He doesn't think she needs to be spayed as she is an indoor cat, but that she needs to be vaccinated? I'd ask him for his reasoning. She is beautiful, hope everything goes well for her. Let us know how things go?


----------



## catcoonz (Aug 4, 2012)

When my girl was 37.5 she went into labour 4 hours later.
I wouldn't keep taking her temperature, kittens will arrive when they are ready.


----------



## Rufus15 (Dec 4, 2015)

I'm concerned that you're still going to the same vet who told you completely the wrong information and is really not to be trusted. Let her alone now, taking her temperature daily will cause her stress which she doesn't need when pregnant. Please change vets and be patient!


----------



## Jen048 (Aug 10, 2017)

No this was a different vet, we've decided to change vets, he was really good and she's been booked in there to be spayed instead of our old vet. This new vet just said to check her temp twice a day , she doesn't hate it, she just lies there purring


----------



## Leah1986 (Aug 19, 2017)

Congratulations! I'm not a vet, I always let my cats out a bit during the day especially summer.


----------



## Lisa2701 (May 15, 2010)

How is she today Jen? 

I am no breeder, no experience and no advice however despite the fact the people round here have been a bit shocked by the circumstances I equally know that they all want the best outcome for your girl and her kittens. Do keep us posted and continue to ask any questions your unsure of so that the experienced breeders on the site can help you get her and the kittens delivered and reared safely. 

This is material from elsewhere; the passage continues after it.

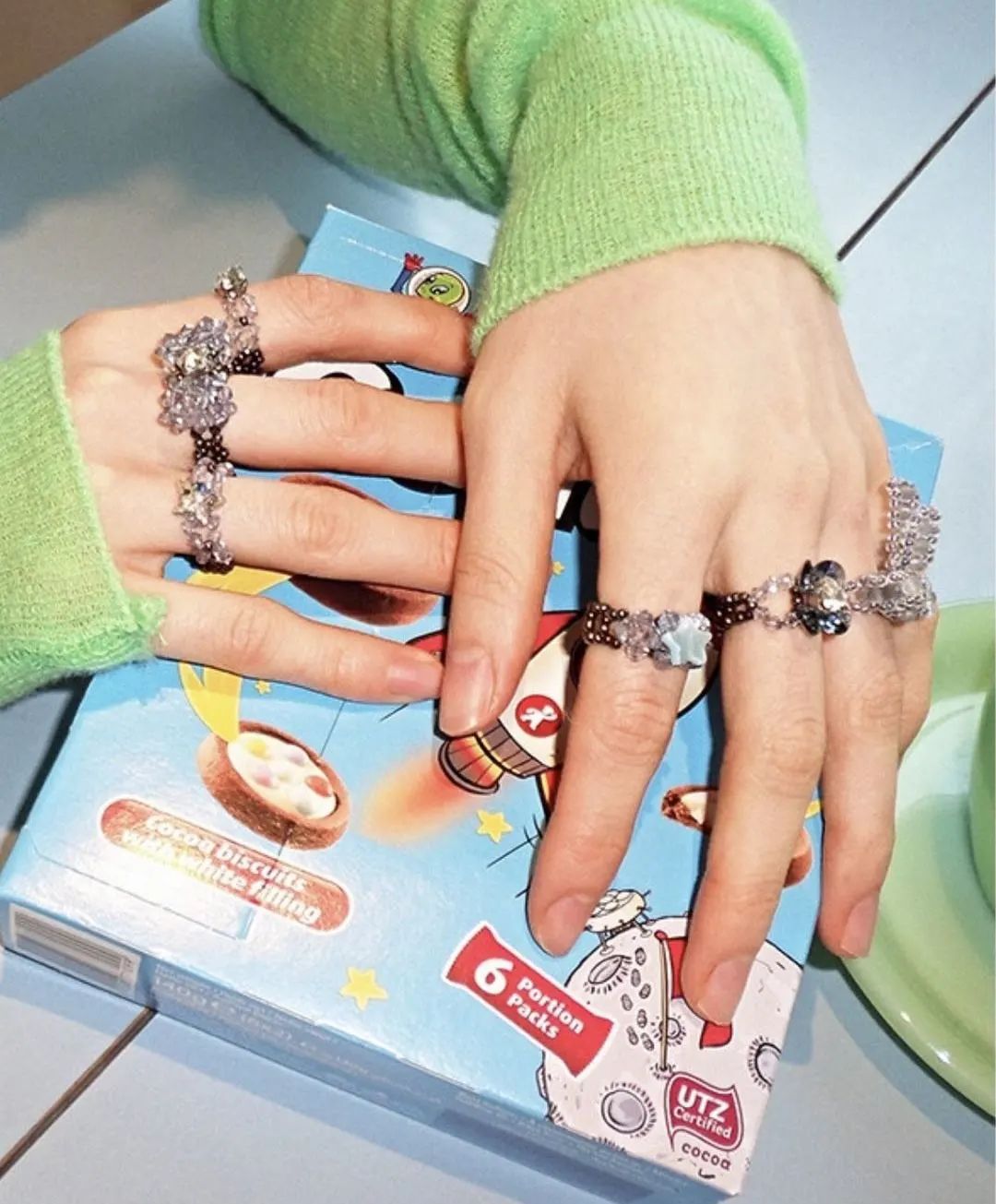 Jennie近期自拍里晒出来的戒指,就是她最爱的品牌,来自韩国的yOungly yOungley,也是目前认知度最广的“塑料珠宝”品牌之一(因为编辑已经在网上发现好多仿款了)。

Good luck. Both parents are gorgeous by the way. 

Just one thing worth checking also. I know what's done is done so we can't change anything now but I assume the parents aren't related in anyway? I just know that often families go the same breeders etc when they like the same breed. And also, have both the cats came from health tested lines?


----------



## Leah1986 (Aug 19, 2017)

Lisa2701 thank you for that. Yes, never put two cats together that are related for breeding. Unethical. Animal welfare matters 
I'm sure that's not the case at all.


----------



## Lisa2701 (May 15, 2010)

Leah1986 said:


> Lisa2701 thank you for that. Yes, never put two cats together that are related for breeding. Unethical. Animal welfare matters
> I'm sure that's not the case at all.


No, I'm sure it's not the case but given this was an accident and not intended then it's possible. I know no one will have intentionally bred related animals. All I meant is that I know I have family members who bought a dog, their daughter fell in love and went to the same breeder for a puppy... given the cats are both the same breed and both look young I wondered if a similar situation had perhaps happened here and if so then it's worth looking at their pedigrees to make sure they aren't closely related - not that it makes an ounce of difference now that the accident has happened and the pregnancy as far progressed.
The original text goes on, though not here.